### What you need to do:
Once the line with "Dès l’entrée, vous" is found, repeat it and all later lines exactly through the end of the listing below, with the pictures left out.

### Study material:
————————

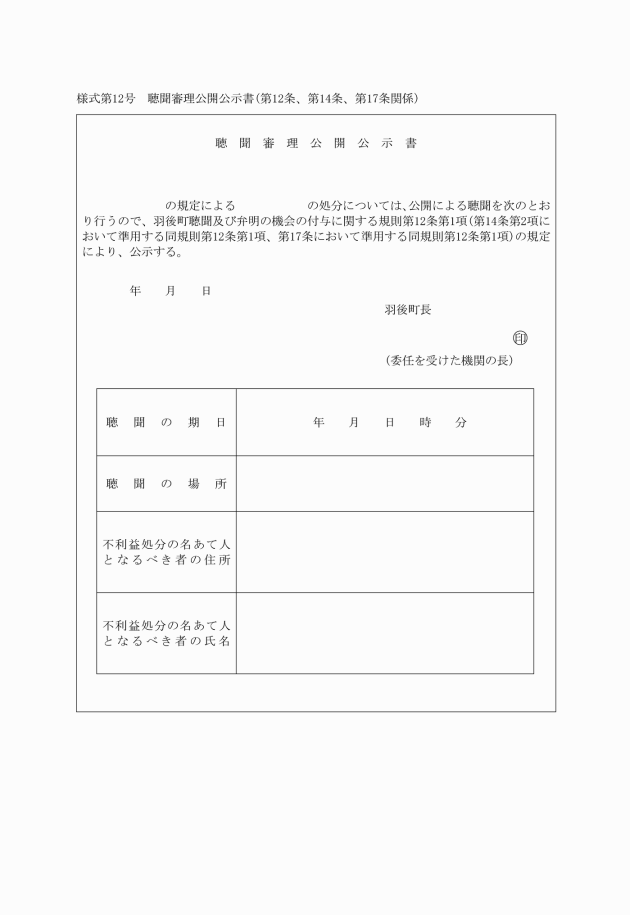 第十二条 行政庁は、法第二十条第六項若しくは条例第二十条第六項の規定により聴聞の期日における審理の公開を相当と認めたとき又は法令(条例第二条第二号に規定する法令をいう)の規定により聴聞の期日における審理を公開すべきときは、聴聞審理公開公示書(様式第十二号)により公示するものとする。
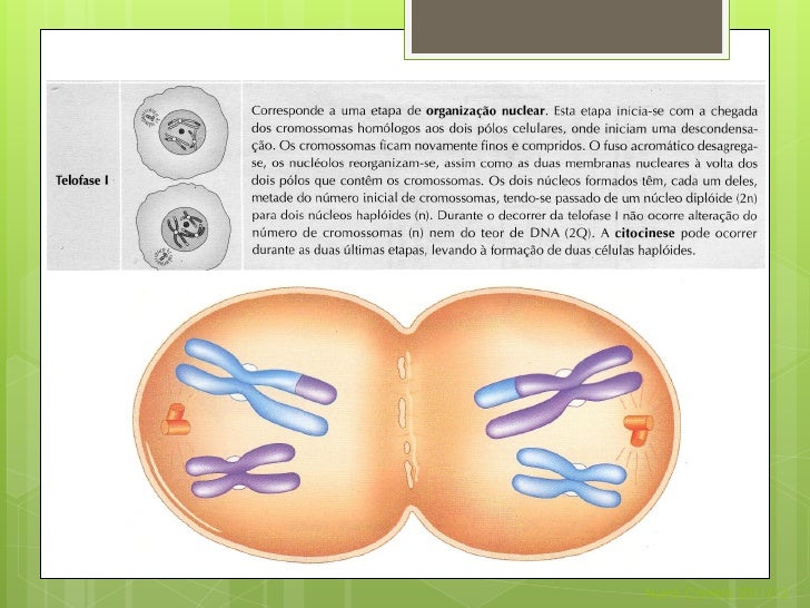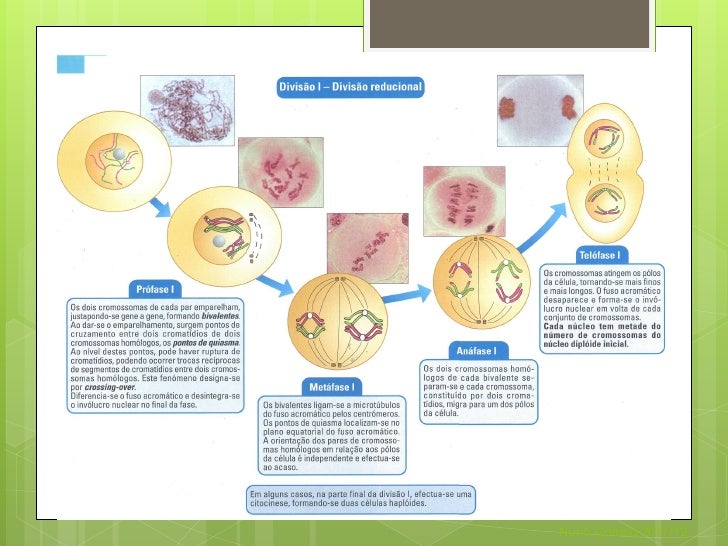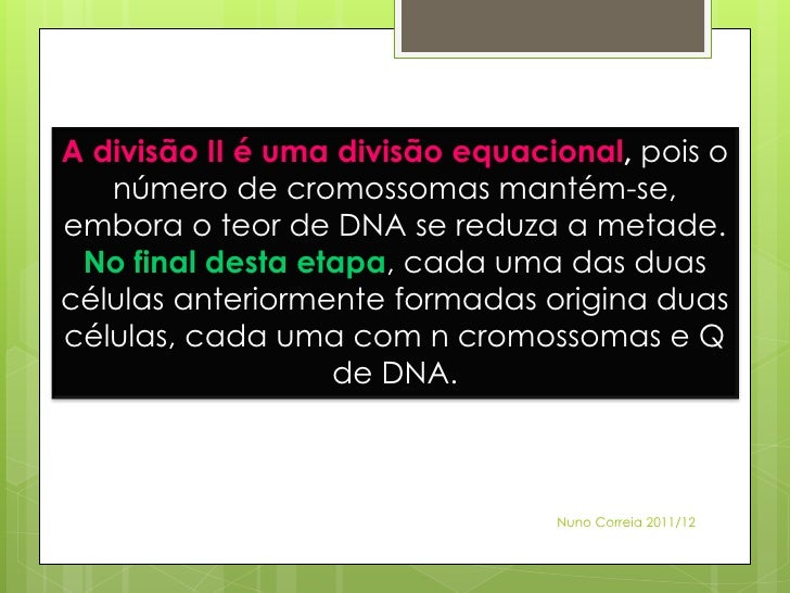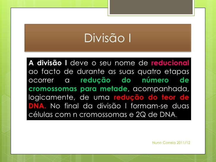 17. 17. Divisão IA divisão l deve o seu nome de reducionalao facto de durante as suas quatro etapasocorrer a redução do número decromossomas para metade, acompanhada,logicamente, de uma redução do teor deDNA. No final da divisão l formam-se duascélulas com n cromossomas e 2Q de DNA. Nuno Correia 2011/12
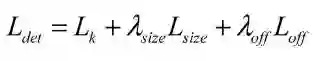 其中,Lk为关键点的损失,使用了Focal Loss的形式;Lsize为宽与高的预测损失,Loff为偏移预测的损失;Lsize与λoff是为了平衡各部分损失而引入的权重。
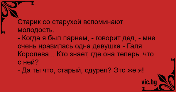 - Когда я был парнем, - говорит дед, - мне очень нравилась одна девушка - Галя Королева... Кто знает, где она теперь. что с ней?
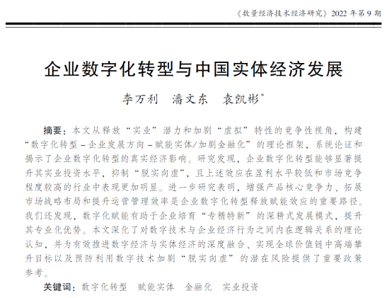 近日,五楼自拍 应用金融系李万利助理教授合作的题为“企业数字化转型与中国实体经济发展”的论文发表在《数量经济技术经济研究》2022年第9期。
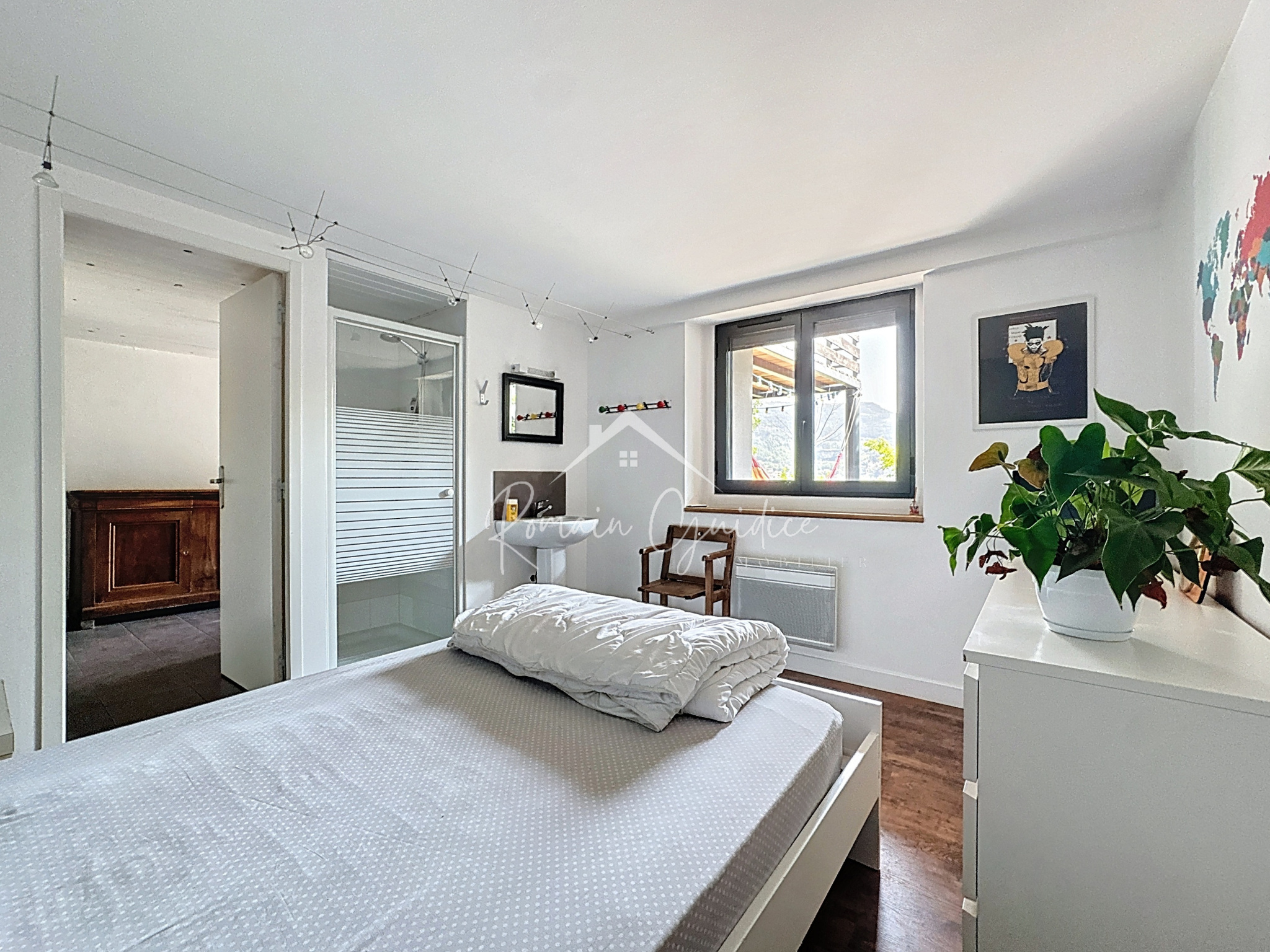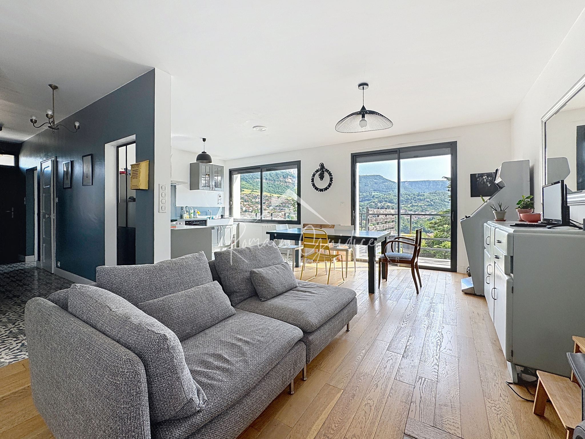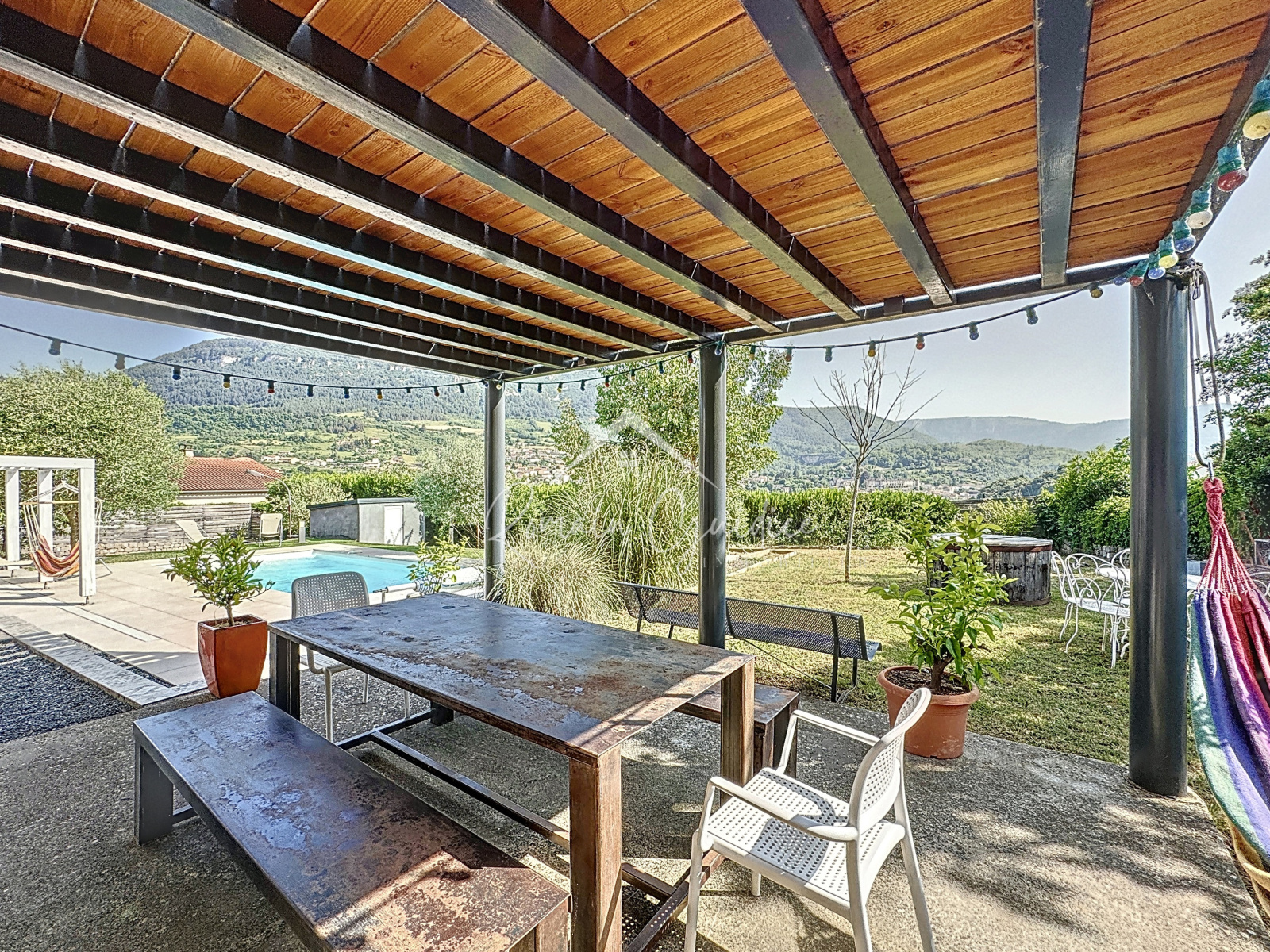 Dès l’entrée, vous serez séduits par la pièce de vie lumineuse de 33,70 m², avec sa cuisine ouverte et son accès direct à une terrasse plein sud, surplombant les paysages dégagés des collines environnantes. Un escalier extérieur mène au jardin et à l’espace piscine.
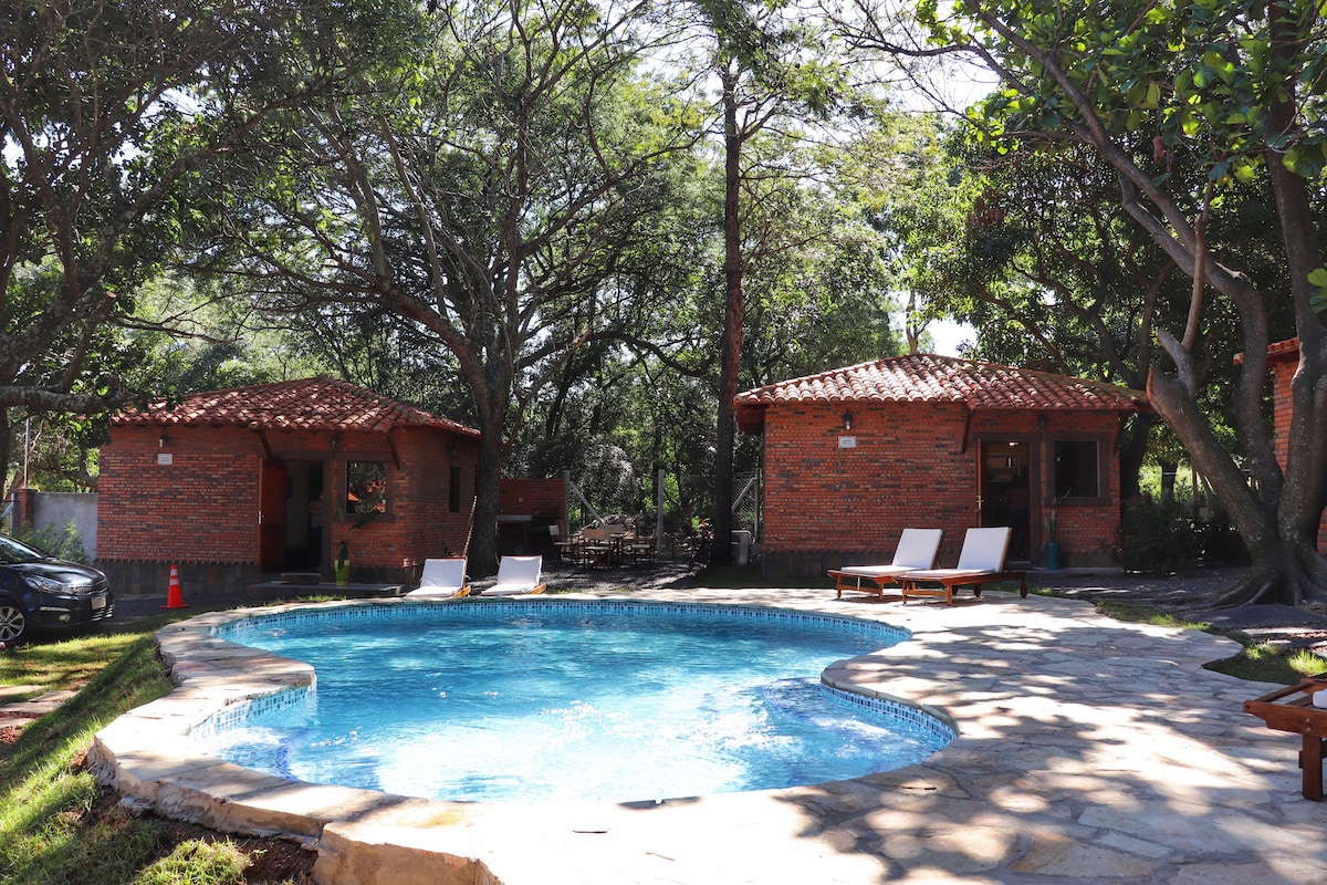Ven a vivir un tiempo de relax, con la familia! El chalet esta equipado con todo lo que necesitas para que tu estadia sea comoda y placentera. Vas a sentirte en casa, estando lejos de casa...Con la piscina, espacios verdes y un ambiente tranquilo y seguro para ti y tu familia...!

————————

### Task solution:
 Dès l’entrée, vous serez séduits par la pièce de vie lumineuse de 33,70 m², avec sa cuisine ouverte et son accès direct à une terrasse plein sud, surplombant les paysages dégagés des collines environnantes. Un escalier extérieur mène au jardin et à l’espace piscine.
Ven a vivir un tiempo de relax, con la familia! El chalet esta equipado con todo lo que necesitas para que tu estadia sea comoda y placentera. Vas a sentirte en casa, estando lejos de casa...Con la piscina, espacios verdes y un ambiente tranquilo y seguro para ti y tu familia...!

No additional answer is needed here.